### [Your goal]
All of the data must be output exactly, with every picture left out.

### [Source material]

Start of Block

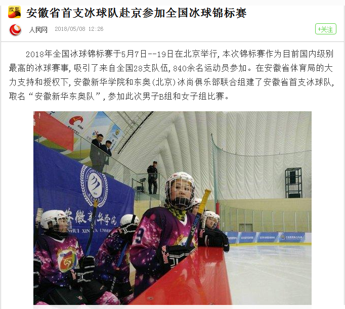 人民网、东方体育新闻、强国论坛、今日头条、搜狐网、新浪看点:安徽省首支冰球队赴京参加全国冰球锦标赛
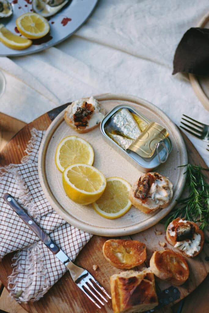 Spread 1 to 2 tablespoons of butter onto each crostini. Top with tinned fish, a drizzle of olive oil, a squeeze of lemon, and sprinkle with flaky salt.
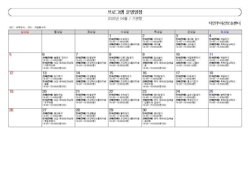 2026년 04월 덕인주야간보호센터 프로그램 계획표 작성자 정보 최고관리자 작성 작성일 2026.03.31 12:27 컨텐츠 정보 4 조회 목록 본문 2026년 04월 덕인주야간보호센터 프로그램 계획표 SNS 공유 관련자료 다음 2026년 03월 덕인주야간보호센터 프로그램 계획표 작성일 2026.03.31 12:26 댓글 0개 등록된 댓글이 없습니다. 로그인한 회원만 댓글 등록이 가능합니다. 목록
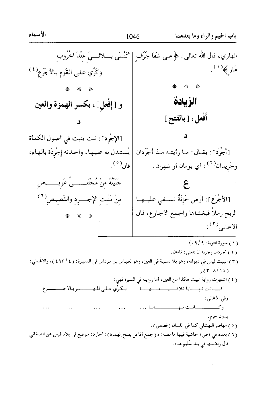 (6) بعده في «ص» حاشية فيها ما نصه: «(جمع أفاعل بفتح الهمزة): أجارد: موضع في بلاد قيس عن الصغاني قال وبضمها في بلد سليم هـ».

End of Block

### [Result]
 人民网、东方体育新闻、强国论坛、今日头条、搜狐网、新浪看点:安徽省首支冰球队赴京参加全国冰球锦标赛
 Spread 1 to 2 tablespoons of butter onto each crostini. Top with tinned fish, a drizzle of olive oil, a squeeze of lemon, and sprinkle with flaky salt.
 2026년 04월 덕인주야간보호센터 프로그램 계획표 작성자 정보 최고관리자 작성 작성일 2026.03.31 12:27 컨텐츠 정보 4 조회 목록 본문 2026년 04월 덕인주야간보호센터 프로그램 계획표 SNS 공유 관련자료 다음 2026년 03월 덕인주야간보호센터 프로그램 계획표 작성일 2026.03.31 12:26 댓글 0개 등록된 댓글이 없습니다. 로그인한 회원만 댓글 등록이 가능합니다. 목록
 (6) بعده في «ص» حاشية فيها ما نصه: «(جمع أفاعل بفتح الهمزة): أجارد: موضع في بلاد قيس عن الصغاني قال وبضمها في بلد سليم هـ».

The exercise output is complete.